4.3. Ablation Experiments

4.3.1. Architecture Design

In this section, we evaluate the effectiveness of the proposed method using different setups on the ImageNet VID dataset. Table 1 compares the object detection performance of the proposed method with various setups. The baseline still-image object detector is Faster R-CNN. For a fair comparison, identical RPN and object detection subnetworks are adopted for all different setups.
Table 1. Performance comparison of different setups using ImageNet VID validation set. (Baseline: Faster R-CNN still-image baseline detector. AR: Aspect ratio change detection module for ConvLSTM. M: Motion event detection module for ConvLSTM. OR: Object relation module. SFS: Supporting frame selection module. A-ROI: Adaptive ROI pooling).
Setup 1 is Faster R-CNN object detector, our still-image baseline. In Table 1, it can be observed that the baseline detector performance is 74.1%, a pretty low performance since no temporal contextual information is exploited in the video dataset.
Setup 2 applies conventional ConvLSTM to generate and transmit temporal contextual information across the frames. From Table 1, we can observe that the detection performance has been improved by 2.7% compared to that of the still-image baseline detector.

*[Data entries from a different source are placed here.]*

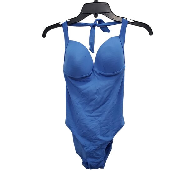 JETS by Jessika Allen Women's Blue Basic Halter Neck One Piece Bathing Suit US 8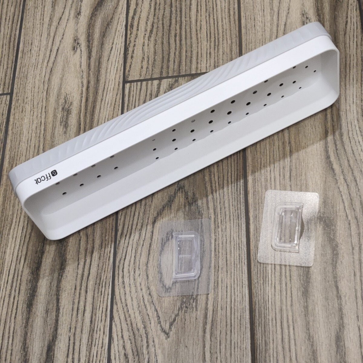 Полиця для ванної виготовлена ​​із пластику. Хороша якість, простий монтаж за допомогою клейких пластин.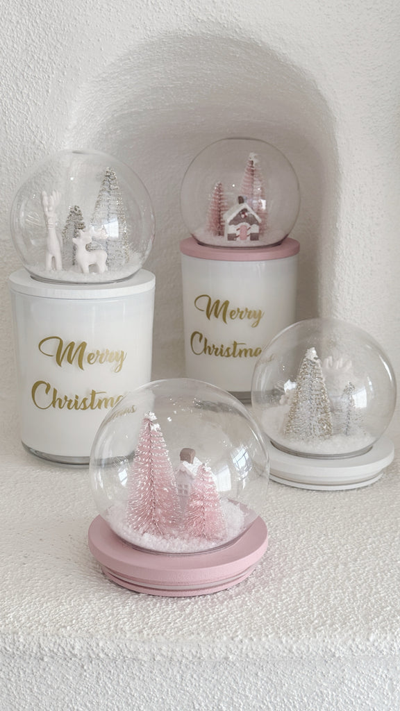 Encased in a dreamy snow globe, this piece captures the magic of Christmas with soft pink trees, a charming gingerbread house, and a gentle dusting of snow — all perfectly paired with our signature white and gold detailing.
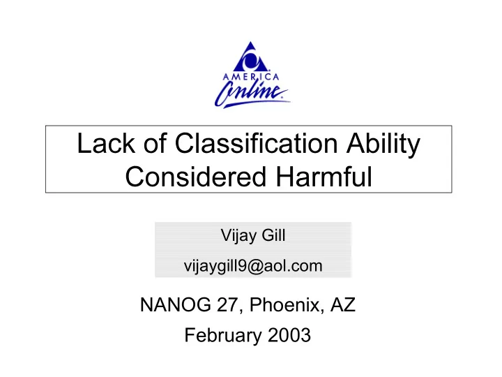 Vijay Gill vijaygill9@aol.com NANOG 27, Phoenix, AZ February 2003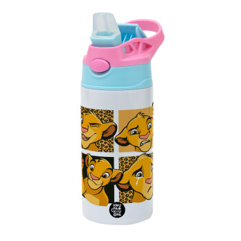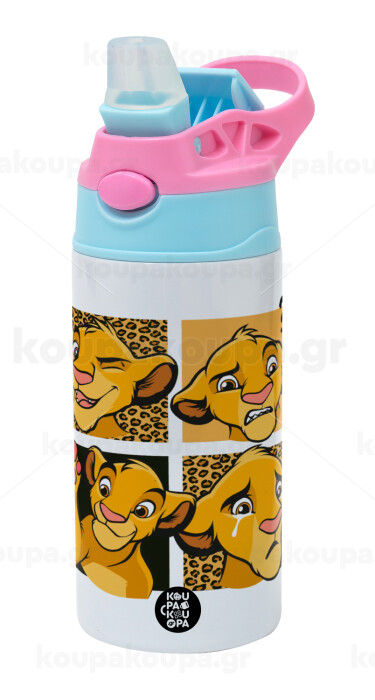 Simba, lion king, Children's hot water bottle, stainless steel, with safety straw, Pink/BlueCiel (360ml) BPA FREE

However, since the conventional ConvLSTM equally generates the temporal contextual information, it is difficult to handle some challenging events such as aspect ratio change or large motion.
Setup 3 introduces the “aspect ratio” event detection module on top of the ConvLSTM. The module focuses on training the aspect ratio change detection subnetwork by calculating the percentage of aspect ratio changes between two consecutive frames F t and F t 1 , as explained in Section 3.2.1. Similarly, Setup 4 introduces the “motion” event detection module on top of the ConvLSTM. The module pays attention to the motion change by computing the IoU between two consecutive frames F t and F t 1 , as introduced in Section 3.2.2. Compared with the conventional ConvLSTM, we can observe that the overall performance is improved to 77.7% and 77.8% by introducing the “aspect ratio” event detection module and the “motion” event detection module, respectively.
Setup 5 combines both event detection modules on top of the ConvLSTM. Specifically, the event detection modules consist of both challenging events: Aspect ratio changes and large motion. Therefore, the event detection modules can highlight the area where the challenging event occurs. As a result, the event-aware ConvLSTM is able to acquire more temporal contextual information in that area. It can be seen that a decent improvement with mAP of 78.2% is obtained by introducing the proposed event-aware ConvLSTM.
Setup 6 applies the object relation module to our proposed video object detectors. In particular, it computes the relation feature between each target ROI and all reference ROIs. The relation feature can be used to enhance the features maps generated by the FC layers for each target ROI. Then, the object detection subnetwork will take the enhanced features for each target ROI as inputs to make final predictions. It can be observed that the detection performance using the object relation module has been improved to 79.8%.
Setup 7 is similar to Setup 6, except that we introduce the supporting frame selection for the object relation module. Precisely, the supporting frame selection module calculates the Gaussian similarity between the current frame and one of the past candidate frames. Then, it chooses the frame with the least similar feature map as the supporting frame, and its ROIs will be used as reference proposals for the object relation module. Compared with Setup 6, we can observe that a larger performance gain is obtained after introducing the supporting frame selection.
Setup 8 is our proposed architecture in the complete form. Here, we utilize an adaptive ROI pooling to pool features based on the ROI’s aspect ratio. It effectively prevents the ROI pooling process from losing important feature values. The experimental results show that our proposed methods achieve the best performance (81.0%) among all different setups. Figure 7 and Figure 8 presents several qualitative detection results that prove the effectiveness of our proposed method.
Figure 7. Detection results of “aspect ratio change” events from ImageNet VID validation dataset. Our proposed method using the event detection module shows improvements of detecting “aspect ratio change” events compared with the still-image baseline Faster R-CNN and our proposed method without considering the event detection module.
Figure 8. Detection results of “large motion” events from ImageNet VID validation dataset. Our proposed method using the event detection module shows improvements of detecting “large motion” events compared with the still-image baseline Faster R-CNN and our proposed method without using the event detection module.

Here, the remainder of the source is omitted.